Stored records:
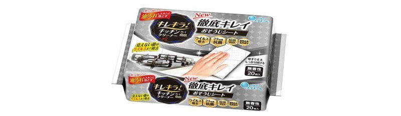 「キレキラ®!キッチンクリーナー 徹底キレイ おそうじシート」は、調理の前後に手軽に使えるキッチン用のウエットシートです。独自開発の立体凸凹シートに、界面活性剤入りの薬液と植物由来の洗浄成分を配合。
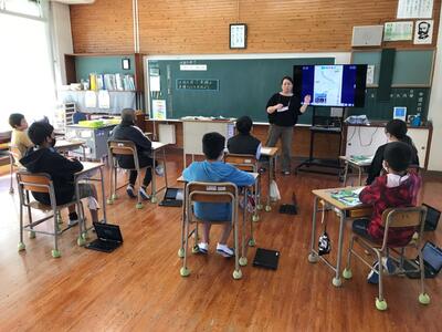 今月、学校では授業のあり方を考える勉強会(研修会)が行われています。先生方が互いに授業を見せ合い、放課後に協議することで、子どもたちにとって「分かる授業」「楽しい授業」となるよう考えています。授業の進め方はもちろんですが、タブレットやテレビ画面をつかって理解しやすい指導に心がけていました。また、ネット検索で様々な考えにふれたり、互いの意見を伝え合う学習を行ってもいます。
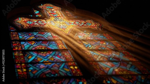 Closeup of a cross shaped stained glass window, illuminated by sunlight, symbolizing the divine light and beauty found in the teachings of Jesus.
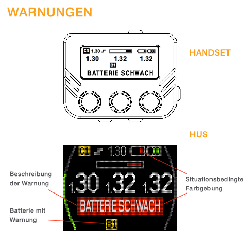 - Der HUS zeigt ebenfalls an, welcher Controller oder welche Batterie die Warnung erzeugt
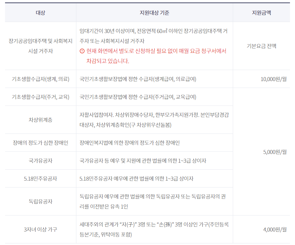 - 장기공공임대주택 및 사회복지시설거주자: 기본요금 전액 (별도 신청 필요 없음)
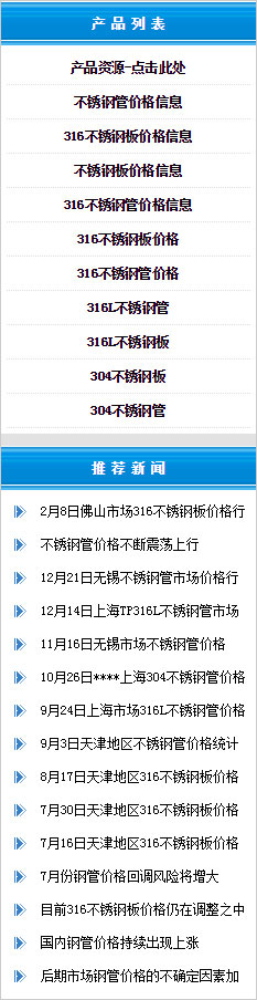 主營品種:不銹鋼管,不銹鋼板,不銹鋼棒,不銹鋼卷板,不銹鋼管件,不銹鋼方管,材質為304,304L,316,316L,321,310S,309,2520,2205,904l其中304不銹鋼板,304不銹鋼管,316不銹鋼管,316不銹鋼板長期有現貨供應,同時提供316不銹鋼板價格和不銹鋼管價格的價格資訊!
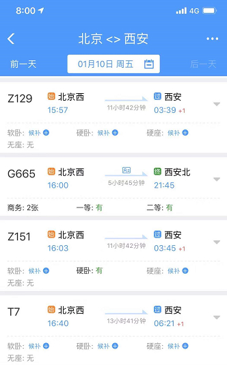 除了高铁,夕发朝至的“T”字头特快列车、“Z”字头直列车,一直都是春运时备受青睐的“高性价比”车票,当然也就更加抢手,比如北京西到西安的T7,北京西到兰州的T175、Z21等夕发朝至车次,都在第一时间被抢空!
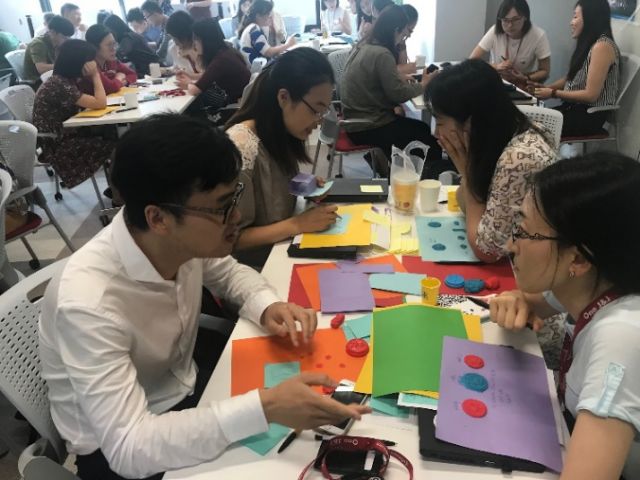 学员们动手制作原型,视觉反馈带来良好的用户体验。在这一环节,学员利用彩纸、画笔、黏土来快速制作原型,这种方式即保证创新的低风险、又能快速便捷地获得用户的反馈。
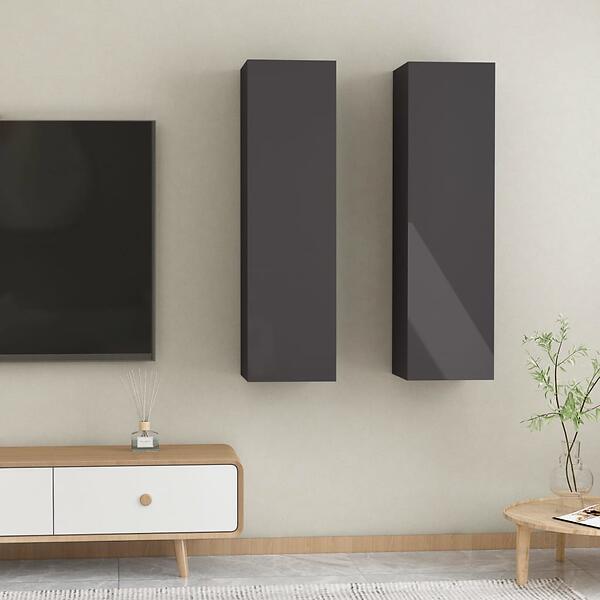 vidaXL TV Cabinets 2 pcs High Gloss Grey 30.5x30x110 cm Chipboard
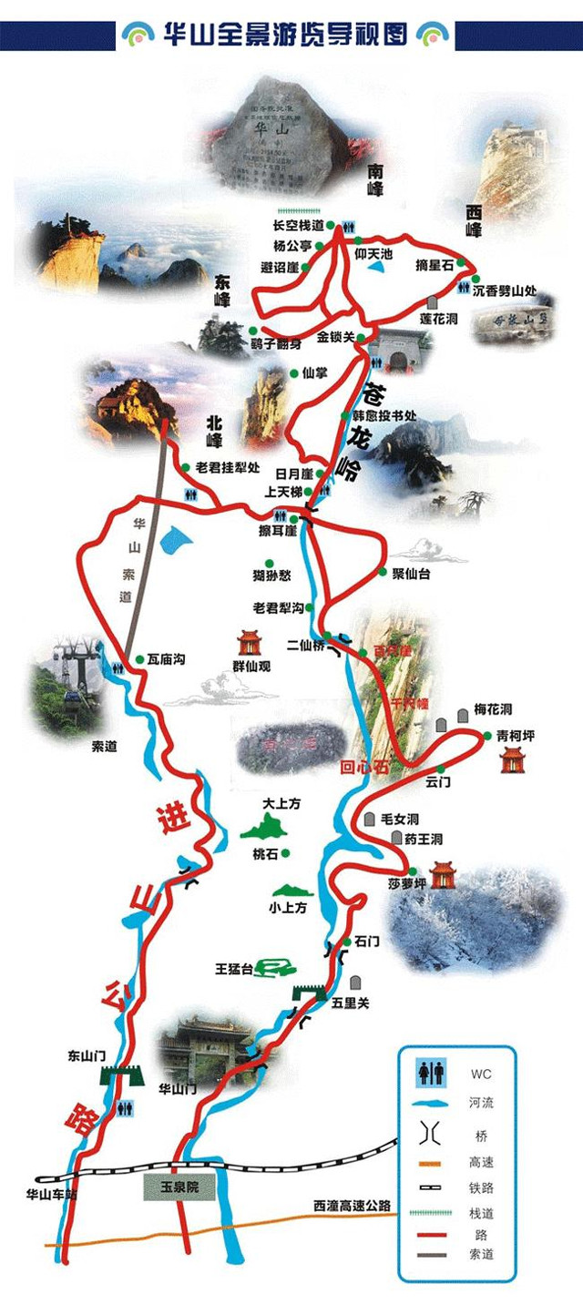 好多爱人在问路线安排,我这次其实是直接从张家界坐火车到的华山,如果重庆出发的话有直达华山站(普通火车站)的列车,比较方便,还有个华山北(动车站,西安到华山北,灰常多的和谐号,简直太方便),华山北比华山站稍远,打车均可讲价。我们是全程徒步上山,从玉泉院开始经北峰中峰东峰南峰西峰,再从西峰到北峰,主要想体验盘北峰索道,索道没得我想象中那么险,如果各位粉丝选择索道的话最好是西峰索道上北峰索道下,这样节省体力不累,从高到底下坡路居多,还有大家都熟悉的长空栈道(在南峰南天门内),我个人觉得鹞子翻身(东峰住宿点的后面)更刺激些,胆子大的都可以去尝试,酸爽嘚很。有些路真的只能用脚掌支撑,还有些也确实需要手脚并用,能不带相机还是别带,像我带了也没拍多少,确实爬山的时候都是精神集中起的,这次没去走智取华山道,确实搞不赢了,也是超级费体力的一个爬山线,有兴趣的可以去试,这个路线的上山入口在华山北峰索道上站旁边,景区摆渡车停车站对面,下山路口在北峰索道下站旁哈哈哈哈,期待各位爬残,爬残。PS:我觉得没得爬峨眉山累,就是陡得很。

## Exercise details:
Return only the lines from the start of the data through the line that contains "今月、学校では授業のあり方を", please, copying them exactly and omitting all pictures.

## Solution for this task:
 「キレキラ®!キッチンクリーナー 徹底キレイ おそうじシート」は、調理の前後に手軽に使えるキッチン用のウエットシートです。独自開発の立体凸凹シートに、界面活性剤入りの薬液と植物由来の洗浄成分を配合。
 今月、学校では授業のあり方を考える勉強会(研修会)が行われています。先生方が互いに授業を見せ合い、放課後に協議することで、子どもたちにとって「分かる授業」「楽しい授業」となるよう考えています。授業の進め方はもちろんですが、タブレットやテレビ画面をつかって理解しやすい指導に心がけていました。また、ネット検索で様々な考えにふれたり、互いの意見を伝え合う学習を行ってもいます。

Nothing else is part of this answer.